--- WORK REQUIRED ---
In the entries below, find the line with "表彰会上,新生军训团政委陈帅" and the line with "Info Tirta Mayang", then retype both and everything between them exactly. Do not copy the pictures.

┌─ DATA SHOWN

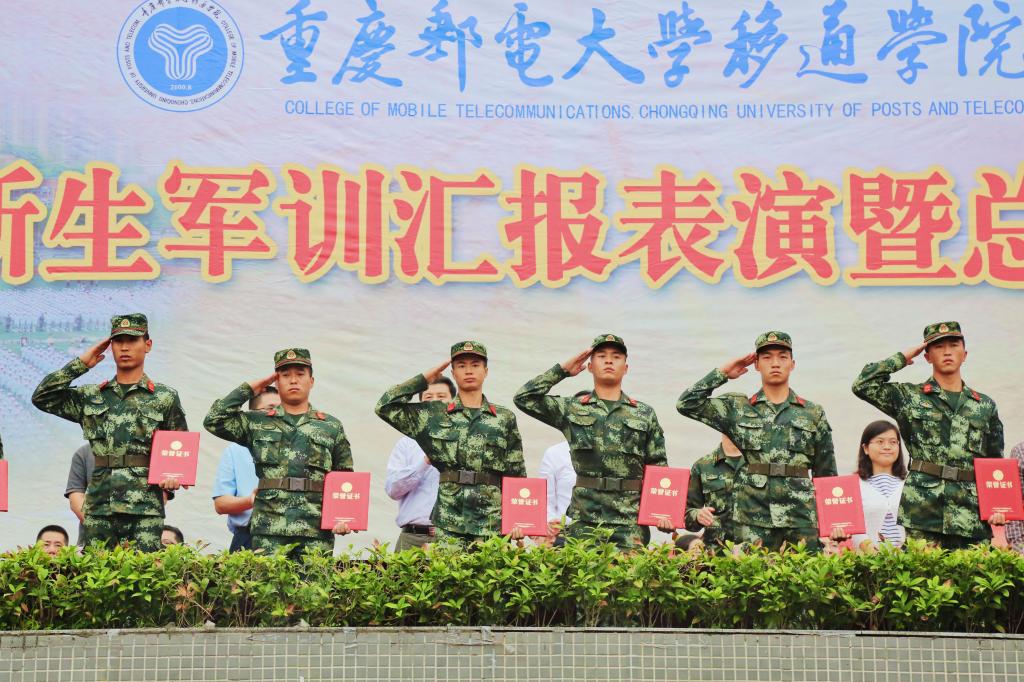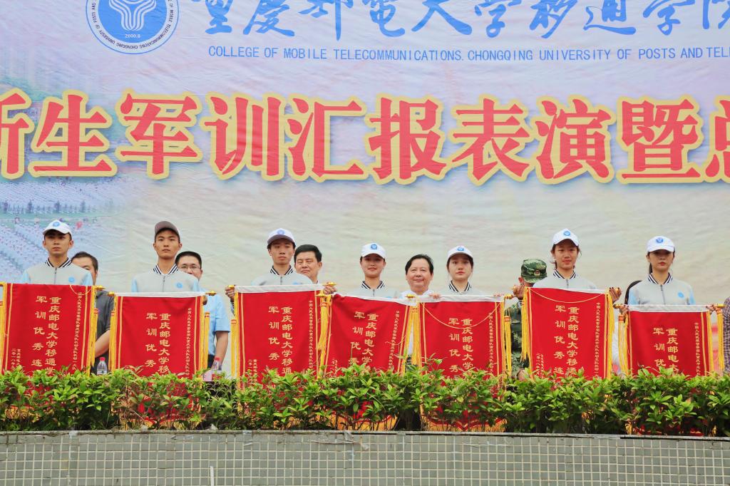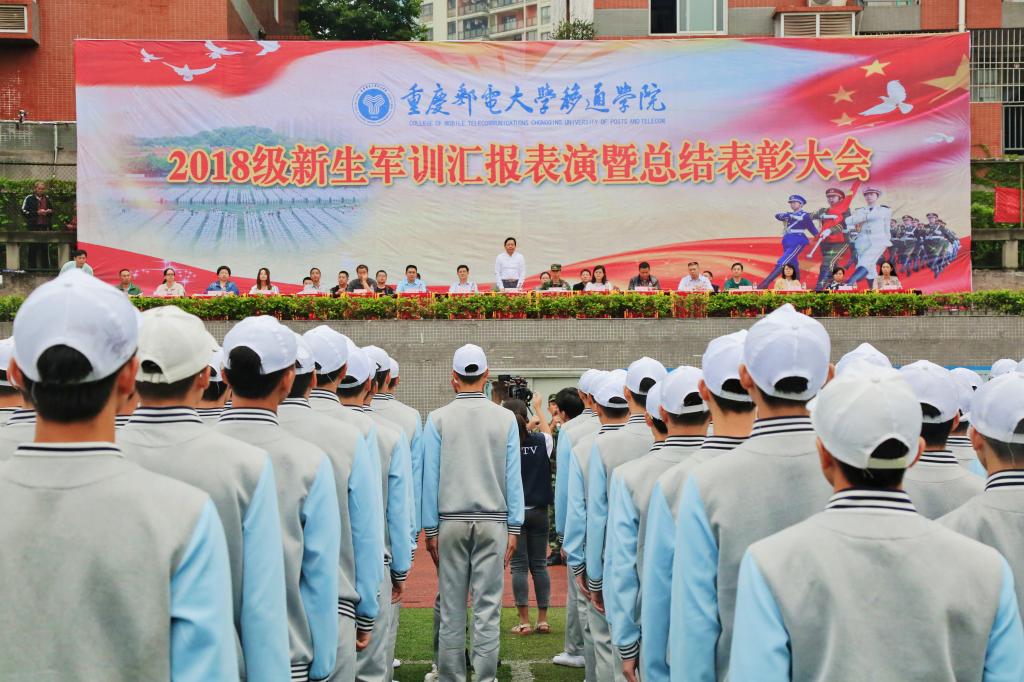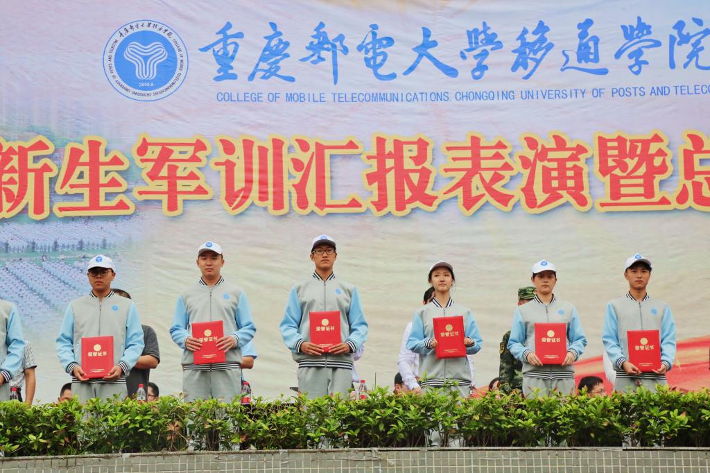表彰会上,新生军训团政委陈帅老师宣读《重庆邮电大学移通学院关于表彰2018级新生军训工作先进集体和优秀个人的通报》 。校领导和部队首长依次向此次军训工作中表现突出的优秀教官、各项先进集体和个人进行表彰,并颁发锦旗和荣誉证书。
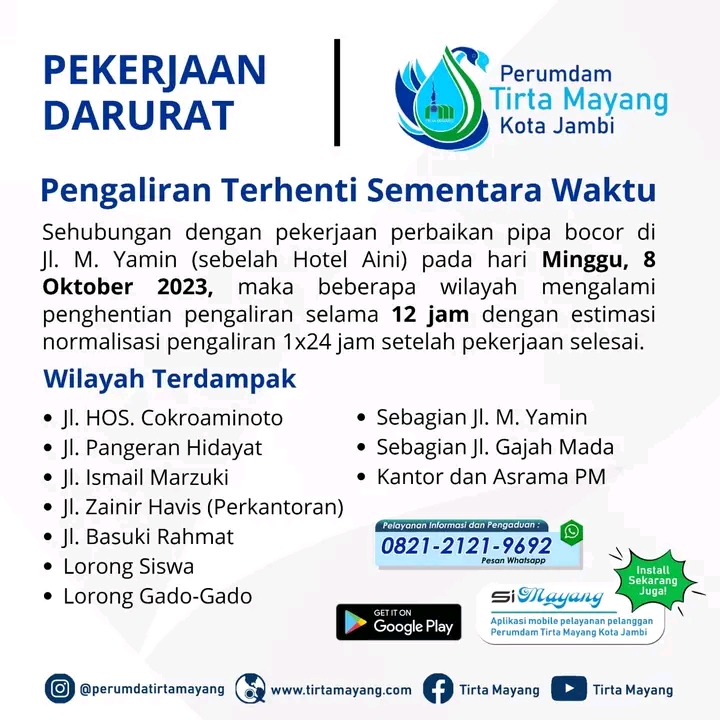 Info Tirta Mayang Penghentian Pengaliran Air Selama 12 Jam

└─
┌─ DATA SHOWN

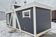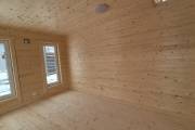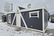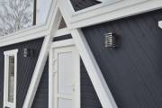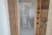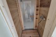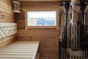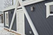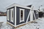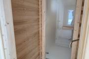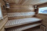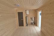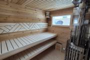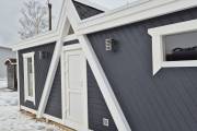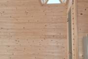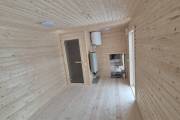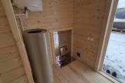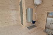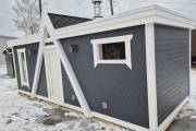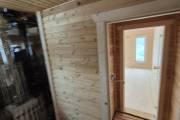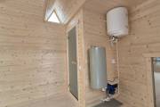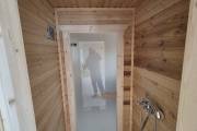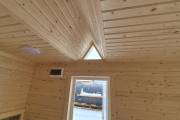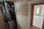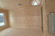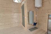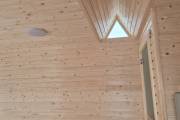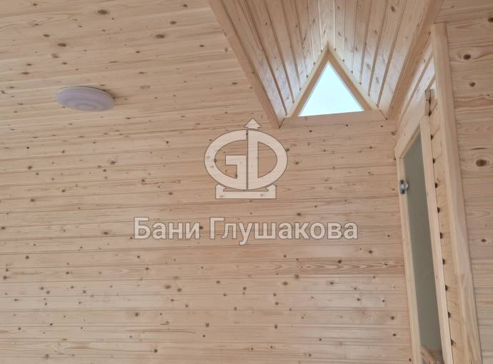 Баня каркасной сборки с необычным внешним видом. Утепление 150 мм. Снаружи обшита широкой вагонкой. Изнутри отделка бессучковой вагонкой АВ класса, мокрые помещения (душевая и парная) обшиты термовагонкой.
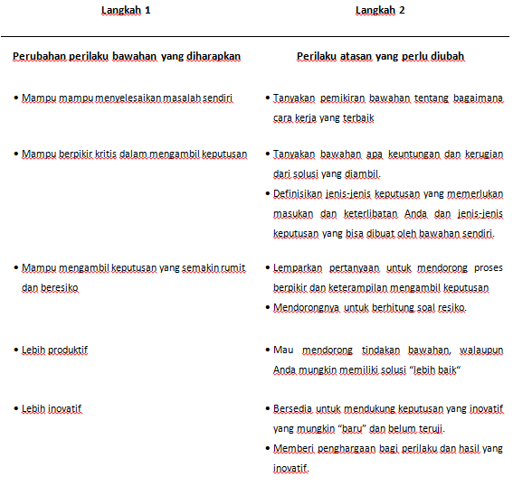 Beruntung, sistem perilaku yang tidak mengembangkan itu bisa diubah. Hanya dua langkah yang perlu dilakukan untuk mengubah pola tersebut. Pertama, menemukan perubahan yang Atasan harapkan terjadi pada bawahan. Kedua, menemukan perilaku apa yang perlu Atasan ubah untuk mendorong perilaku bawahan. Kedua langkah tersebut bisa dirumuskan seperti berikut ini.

└─
┌─ DATA SHOWN

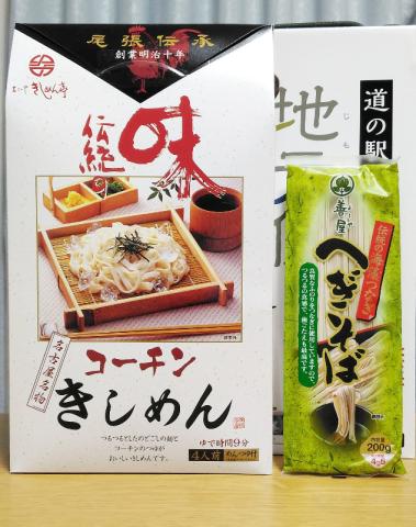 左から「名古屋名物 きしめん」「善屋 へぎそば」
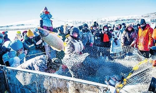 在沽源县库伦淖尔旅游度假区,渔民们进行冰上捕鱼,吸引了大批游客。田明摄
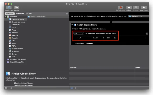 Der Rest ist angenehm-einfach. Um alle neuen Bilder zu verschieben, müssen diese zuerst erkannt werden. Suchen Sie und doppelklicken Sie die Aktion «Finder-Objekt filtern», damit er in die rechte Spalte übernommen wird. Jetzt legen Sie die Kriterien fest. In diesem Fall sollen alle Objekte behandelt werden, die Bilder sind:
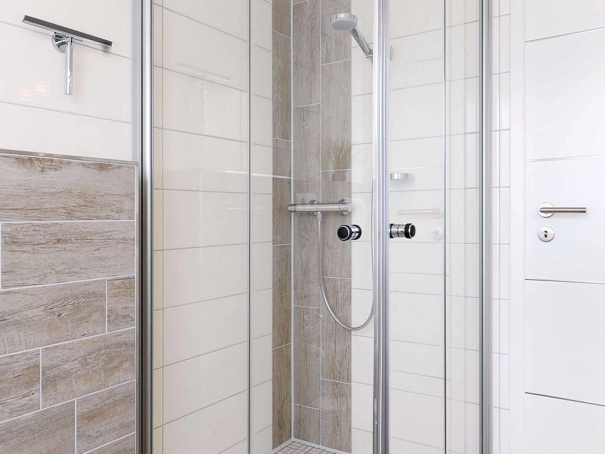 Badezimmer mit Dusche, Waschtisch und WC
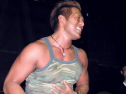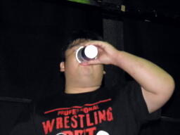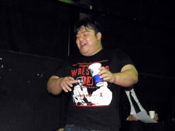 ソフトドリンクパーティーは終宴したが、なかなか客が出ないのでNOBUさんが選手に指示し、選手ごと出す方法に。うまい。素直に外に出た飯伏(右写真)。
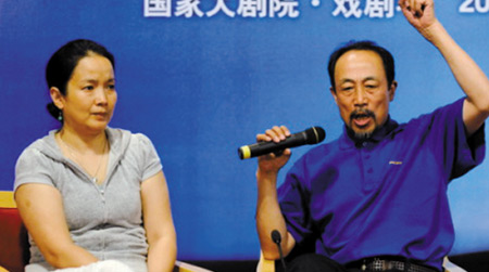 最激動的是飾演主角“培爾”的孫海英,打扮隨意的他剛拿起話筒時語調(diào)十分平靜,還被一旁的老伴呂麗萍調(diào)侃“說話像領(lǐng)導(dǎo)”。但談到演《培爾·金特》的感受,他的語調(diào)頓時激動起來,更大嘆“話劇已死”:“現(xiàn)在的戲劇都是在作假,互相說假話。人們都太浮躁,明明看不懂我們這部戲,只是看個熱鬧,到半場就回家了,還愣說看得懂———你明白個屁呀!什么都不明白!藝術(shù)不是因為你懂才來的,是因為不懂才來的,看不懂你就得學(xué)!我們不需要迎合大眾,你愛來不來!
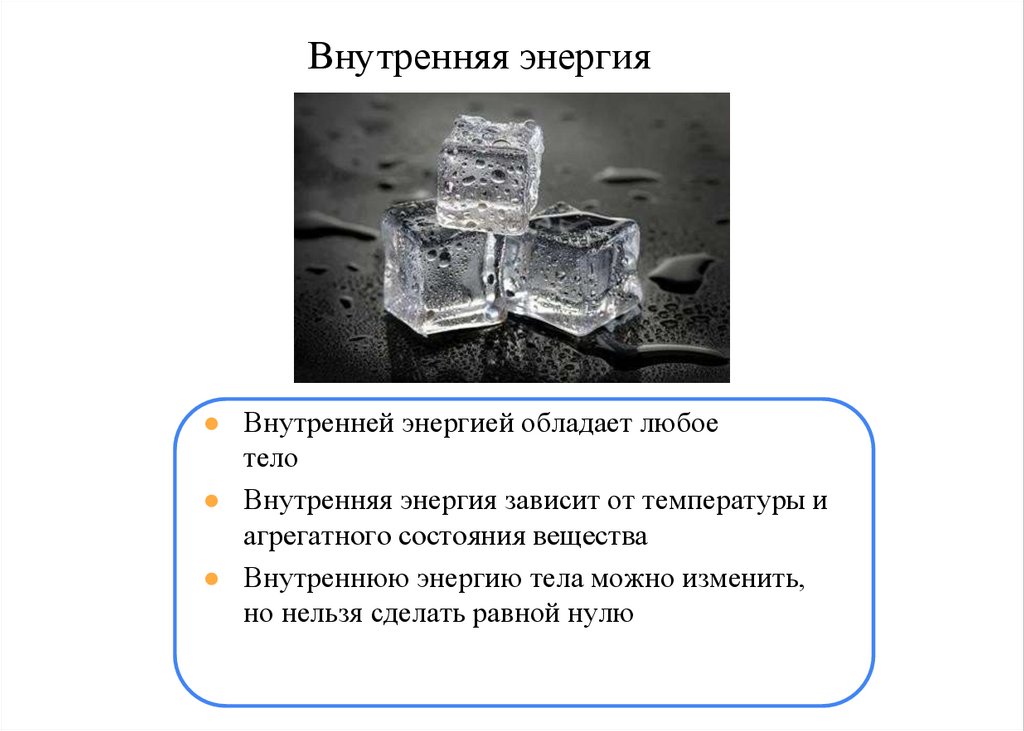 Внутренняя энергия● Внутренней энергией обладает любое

└─

--- EXERCISE OUTPUT ---
表彰会上,新生军训团政委陈帅老师宣读《重庆邮电大学移通学院关于表彰2018级新生军训工作先进集体和优秀个人的通报》 。校领导和部队首长依次向此次军训工作中表现突出的优秀教官、各项先进集体和个人进行表彰,并颁发锦旗和荣誉证书。
 Info Tirta Mayang Penghentian Pengaliran Air Selama 12 Jam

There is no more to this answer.